KEYNOTE: DEANNA BOWEN, "Berlin, Berlin."
Deanna Bowen’s presentation involves self-reflection and presentation of two interdependent exhibitions presented at the 2020 Berlin Biennale and the Kitchener Waterloo Art Gallery September 18 – February 28, 2021. Respectively, "The God of Gods: Berlin, Berlin" and "Black Drones in the Hive" extend critical interventionist research of the White nationalist ambitions that inform Canada’s cultural history and national narrative. Specifically, "The God of Gods: Berlin, Berlin" is an off-site companion work to "Black Drones in the Hive” that examines the history of Berlin, Ontario (now Kitchener) and Berlin, Germany during WWI as a means to reveal the familial, geographic, cultural, and colonial entanglements between the British Commonwealth, Germany, Canada, the United States, and Africa from the mid 1700s. “Black Drones…” is a solo exhibition that looks at the regional histories surrounding the Kitchener Waterloo Art Gallery and greater Southern Ontario. The project looks at Six Nations history and the terms of the Haldimand Proclamation of 1784, which refers to Quebec’s Governor Sir Frederick Haldimand granting a tract of land to Mohawk Chief Thayendanegea’s (Joseph Brant) and the Haudenosaunee (Iroquois) for their alliance with the British during the American Revolution 1765-83. Accordingly, the American Revolution provides an opportunity to then reflect on a long, traumatic history of prolonged conflict that continues in the War of 1812-15, the US Civil War (1861-65), the Boer War (1899-1902), and World War I (1914-1918). “Black Drones...” is also an investigative process of production that works to excavate Black presence and erasure. Archival documents from the mid 1700s attest to African-American slave presence in both British and Six Nations communities. Other materials reveal a robust Black presence in the region, with a population of 60,000 in 1900. The quandary of this growth is its extraordinary decline to 18,000 by 1920 and so Deanna Bowen's research digs deeper into regional Ontario history to trace the ways that this decline is commingle with local, national and global preoccupations with Eugenics and population control.

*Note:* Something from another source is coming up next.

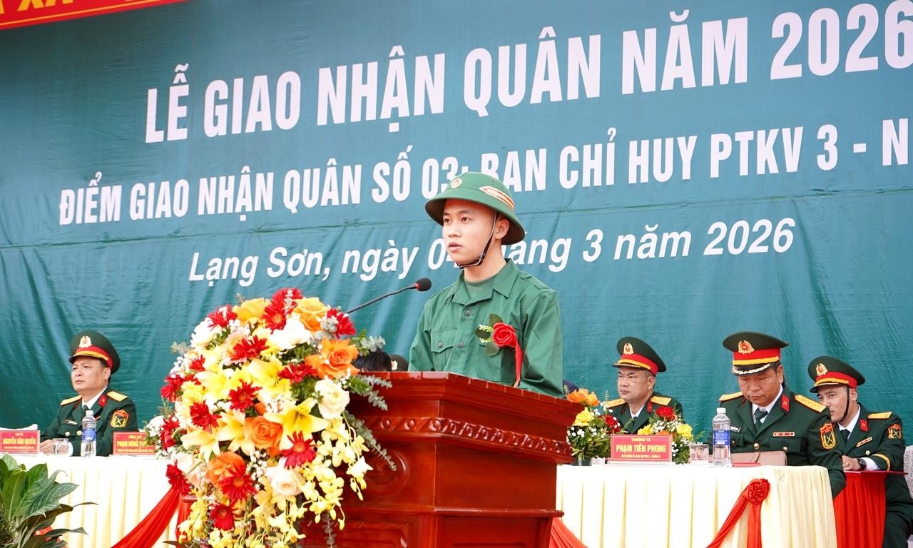 Phát biểu tại Lễ giao nhận quân, đồng chí Đoàn Thu Hà, Phó Bí thư Tỉnh uỷ, Chủ tịch Uỷ ban MTTQ Việt Nam tỉnh biểu dương cấp ủy, chính quyền, Hội đồng nghĩa vụ quân sự các địa phương đã nêu cao tinh thần trách nhiệm, nghiêm túc thực hiện đúng quy trình tuyển chọn, gọi công dân nhập ngũ năm 2026. Đồng chí bày tỏ tin tưởng rằng, các tân binh sẽ phát huy truyền thống của quê hương Anh hùng, truyền thống vẻ vang của các thế hệ cha anh đi trước, phát huy bản chất tốt đẹp của bộ đội Cụ Hồ, luôn nỗ lực phấn đấu về mọi mặt, ra sức học tập, rèn luyện, chấp hành tốt kỷ luật Quân đội, Công an, hoàn thành xuất sắc mọi nhiệm vụ được giao.

Deanna Bowen is a descendant of two Alabama and Kentucky born Black Prairie pioneer families from Amber Valley and Campsie, Alberta. Bowen’s family history has been the central pivot of her auto-ethnographic interdisciplinary works since the early 1990s. She makes use of a repertoire of artistic gestures in order to define the Black body and trace its presence and movement in place and time. She is a recipient of a 2020 Governor General Award for Visual and Media Arts Award, 2016 John Simon Guggenheim Memorial Foundation Fellowship, and the 2014 William H. Johnson Prize. Her writing, interviews and art works have been published in Canadian Art, The Capilano Review, The Black Prairie Archives, and Transition Magazine. Bowen is editor of the 2019 publication Other Places: Reflections on Media Arts in Canada.